Buntin played in 42 games as a rookie for the Pistons in the 1965–66 season, averaging 7.7 points and 6.0 rebounds. He was ordered by the Pistons to lose weight and was involved in a conflict with player-coach Dave DeBusschere. Buntin was suspended and then released by the Pistons before the start of the 1966–67 NBA season.

In 1966–1967, Buntin played with the Battle Creek Braves and Twin Cities Sailors of the North American Basketball League under Battle Creek Coach Med Park and Twin Cities Coach Johnny Egan.

In 1967–1968, he played in the preseason with the Indiana Pacers of the American Basketball Association.

In January, 1967, Buntin signed a contract with the Detroit Lions of the National Football League. Weight was cited as an issue in his professional athletic pursuits.

==Death==
During a pick-up basketball game on May 9, 1968, Buntin suffered a fatal heart attack. He was survived by his parents William and Rosa, sister Beverly and three children.

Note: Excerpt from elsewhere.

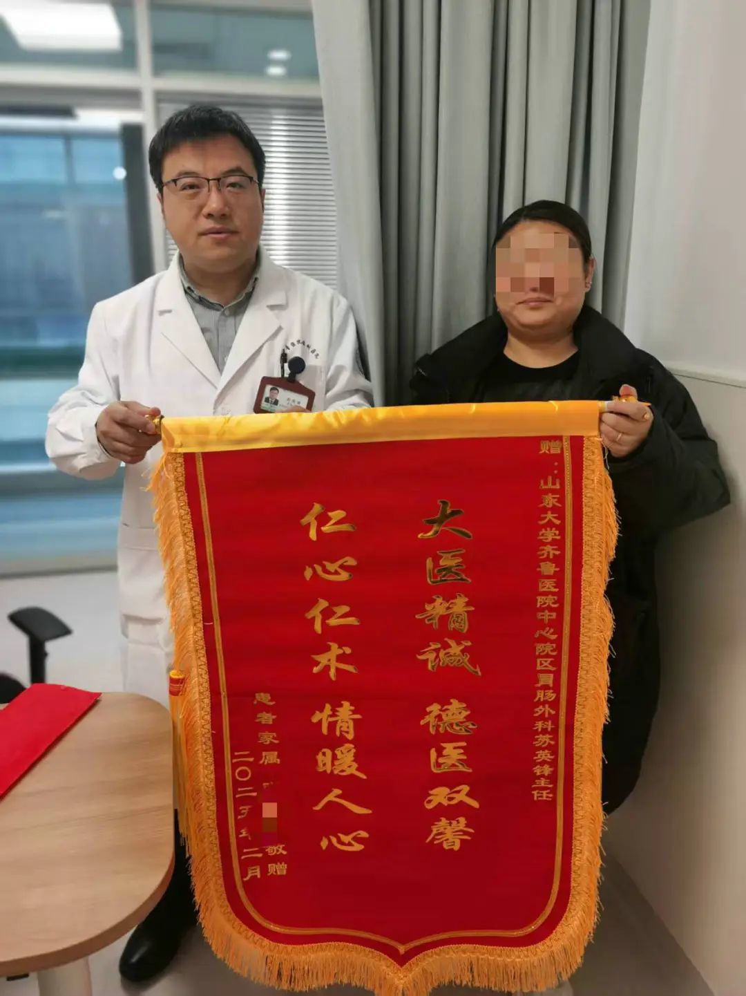 苏英锋带领团队与麻醉手术科、妇科等多科室联合会诊,反复研究后,最终制定了 “腹腔镜下直肠癌根治术+乙状结肠造瘘术” 的综合治疗方案。2月20日,手术正式进行。术中,他凭借精湛的腔镜技术,在保护周围脏器的同时精准切除肿瘤,细致修补瘘口,历时3小时顺利完成手术。术后经过精心护理,老人下腹部疼痛消失,阴道渗便症状彻底缓解,十天后便能下床活动,复查时各项指标均显示正常,家属悬着的心终于落了地。

Former teammate George Pomey said, "(Buntin) was a very easy going, jovial guy who could keep his calm during the toughest games. He accepted everything as it was, never letting things bother him. This was his problem in the pros."

==Career statistics==

===NBA===
Source

====Regular season====

| Year | Team | GP | MPG | FG% | FT% | RPG | APG | PPG |
|---|---|---|---|---|---|---|---|---|
| 1965–66 | Detroit | 42 | 17.0 | .395 | .615 | 6.0 | .9 | 7.7 |

==Honors==
Buntin has received numerous posthumous honors for his accomplishments in basketball, including:
- He was inducted into the University of Michigan Athletic Hall of Honor in 1980. Only two basketball players, Cazzie Russell and Rudy Tomjanovich were inducted into the Hall of Honor before Buntin.
- In 2006, Buntin's jersey (#22) was honored and hung from the rafters at Crisler Arena. Buntin's jersey became the fifth to be honored in Crisler Arena. Only Cazzie Russell's jersey is retired.
- The award given each year to the best player on the Michigan basketball team is the "Bill Buntin Most Valuable Player Award." Notable past winners include Darius Morris (2011), Trey Burke (2012, 2013), Nik Stauskas (2014), and Zak Irvin (co-winner 2015, 2016).